GOAL OF THE EXERCISE:
Could you give the data below again exactly, apart from the pictures?

INPUT DATA:
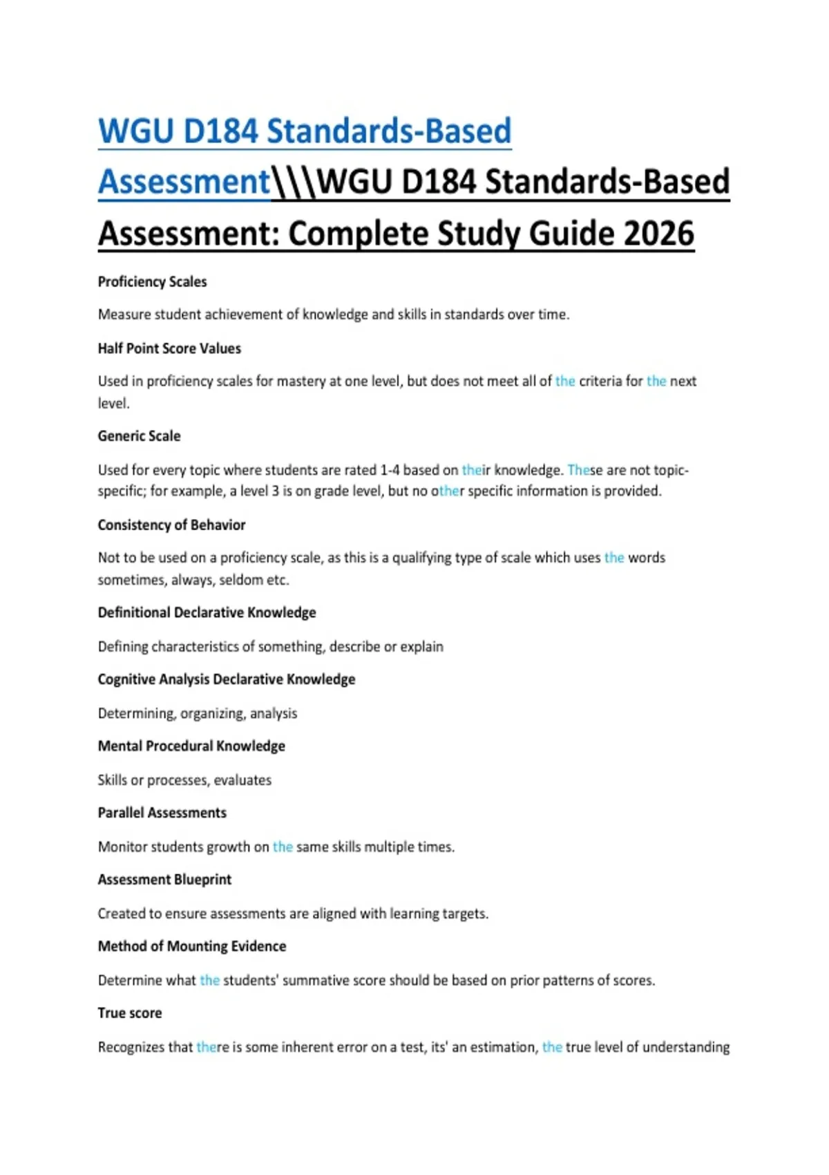 Master WGU D184 with this complete 2026 study guide for Standards-Based Assessment. Covers key frameworks, learning standards, assessment design, scoring, and exam-ready strategies.
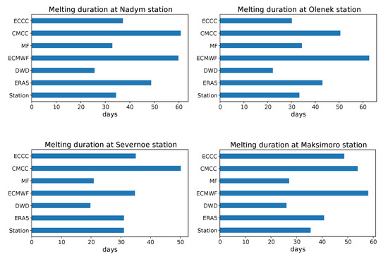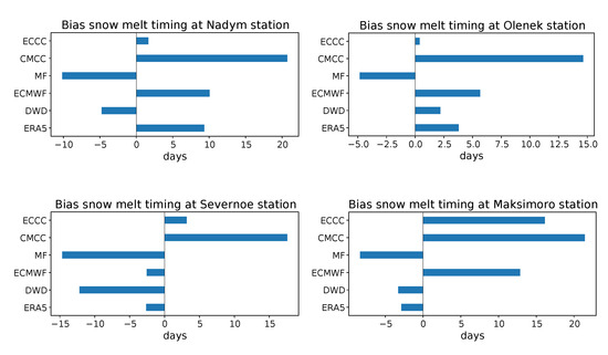 At the stations, the snowmelt duration (from the maximum to one-third) lasts slightly more than one month, which is shown in Figure 7 at the bottom of each sub-figure. DWD and MF are melting too early and too fast at the selected stations (see Figure 7 and Figure 8), which can also be seen from their small underestimation in April and March (Figure 4), whereas ECMWF and CMCC are too late and are taking too long in the melting process. The reason might be the general overestimation from CMCC (see Figure 2), because it takes longer due to having more snow to melt. The gridded reference ERA5 also melts too slowly at three stations, but not as slowly as the previous two.
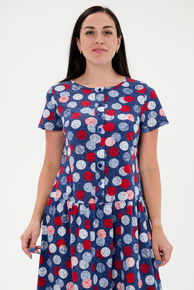 Платье женское из кулирки Кармелита шары на синем

OUTPUT FOR THIS TASK:
 Master WGU D184 with this complete 2026 study guide for Standards-Based Assessment. Covers key frameworks, learning standards, assessment design, scoring, and exam-ready strategies.
 At the stations, the snowmelt duration (from the maximum to one-third) lasts slightly more than one month, which is shown in Figure 7 at the bottom of each sub-figure. DWD and MF are melting too early and too fast at the selected stations (see Figure 7 and Figure 8), which can also be seen from their small underestimation in April and March (Figure 4), whereas ECMWF and CMCC are too late and are taking too long in the melting process. The reason might be the general overestimation from CMCC (see Figure 2), because it takes longer due to having more snow to melt. The gridded reference ERA5 also melts too slowly at three stations, but not as slowly as the previous two.
 Платье женское из кулирки Кармелита шары на синем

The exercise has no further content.